CAP theorem states that it is impossible for a distributed software system to simultaneously provide more than two out of three of the following guarantees (CAP): Consistency, Availability and Partition tolerance. When we design a distributed system, trading off among CAP is almost the first thing we want to consider. CAP theorem says while designing a distributed system we can pick only two of:

  • Consistency: All nodes see the same data at the same time. Consistency is achieved by updating several nodes before allowing further reads.
  • Availability: Every request gets a response on success/failure. Availability is achieved by replicating the data across different servers.
  • Partition tolerance: System continues to work despite message loss or partial failure. A system that is partition-tolerant can sustain any amount of network failure that doesn’t result in a failure of the entire network. Data is sufficiently replicated across combinations of nodes and networks to keep the system up through intermittent outages.

Consistent Hashing

Distributed Hash Table (DHT) is one of the fundamental component used in distributed scalable systems. Hash Tables need key, value and a hash function, where hash function maps the key to a location where the value is stored.

index = hash_function(key)

Suppose we are designing a distributed caching system. Given ‘n’ cache servers, an intuitive hash function would be ‘key % n’. It is simple and commonly used. But it has two major drawbacks:

  1. It is NOT horizontally scalable. Whenever a new cache host is added to the system, all existing mappings are broken. It will be a pain point in maintenance if the caching system contains lots of data. Practically it becomes difficult to schedule a downtime to update all caching mappings.
  2. It may NOT be load balanced, especially for non-uniformly distributed data. In practice, it can be easily assumed that the data will not be distributed uniformly. For the caching system, it translates into some caches becoming hot and saturated while the others idle and almost empty.

In such situations, consistent hashing is a good way to improve the caching system. Consistent hashing is a very useful strategy for distributed caching system and DHTs. It allows distributing data across a cluster in such a way that will minimize reorganization when nodes are added or removed.
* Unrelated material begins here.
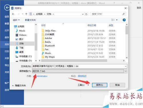 6、在另存為對話框中,在保存類型中選擇“純文本(*.txt)”選項,而后點擊“保存”按鈕。如圖所示;
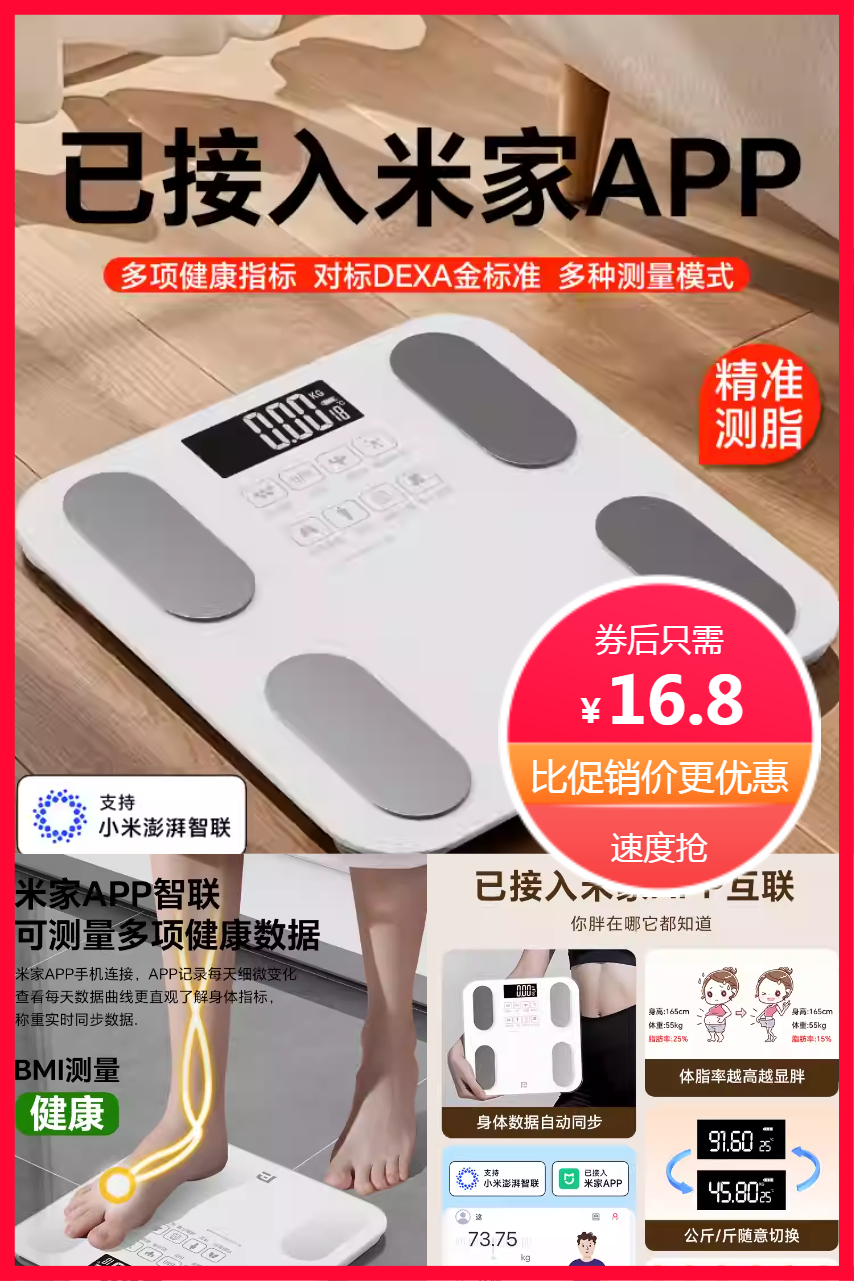 【可签到+官方立减10元+满200减20元到手约9.5元】体重秤家用智能体脂秤2025新款,官方正品,品质保证,米家APP手机连接,记录每天细微变化,蓝牙连接+智能分析,数据一目了然,精准测试体脂/水分,减肥人群必备,多用户自动识别,全家都能用,7天无理由退货

Hence, making the caching system easier to scale up or scale down.

In Consistent Hashing when the hash table is resized (e.g. a new cache host is added to the system), only $k/n$ keys need to be remapped, where $k$ is the total number of keys and $n$ is the total number of servers. Recall that in a caching system using the ‘mod’ as the hash function, all keys need to be remapped.

In consistent hashing objects are mapped to the same host if possible. When a host is removed from the system, the objects on that host are shared by other hosts; and when a new host is added, it takes its share from a few hosts without touching other’s shares.

How it works?

As a typical hash function, consistent hashing maps a key to an integer. Suppose the output of the hash function is in the range of [0, 256). Imagine that the integers in the range are placed on a ring such that the values are wrapped around. Here’s how consistent hashing works:

  1. Given a list of cache servers, hash them to integers in the range.
  2. To map a key to a server,
    • Hash it to a single integer.
    • Move clockwise on the ring until finding the first cache it encounters.
    • That cache is the one that contains the key.
  3. If a server goes down, just remap the nodes there were using it. Since there are multiple virtual cache servers, these node will probably be cached in different servers.
  4. If a new server comes up, just remap the nodes that are between this server and the next one (in clockwise order).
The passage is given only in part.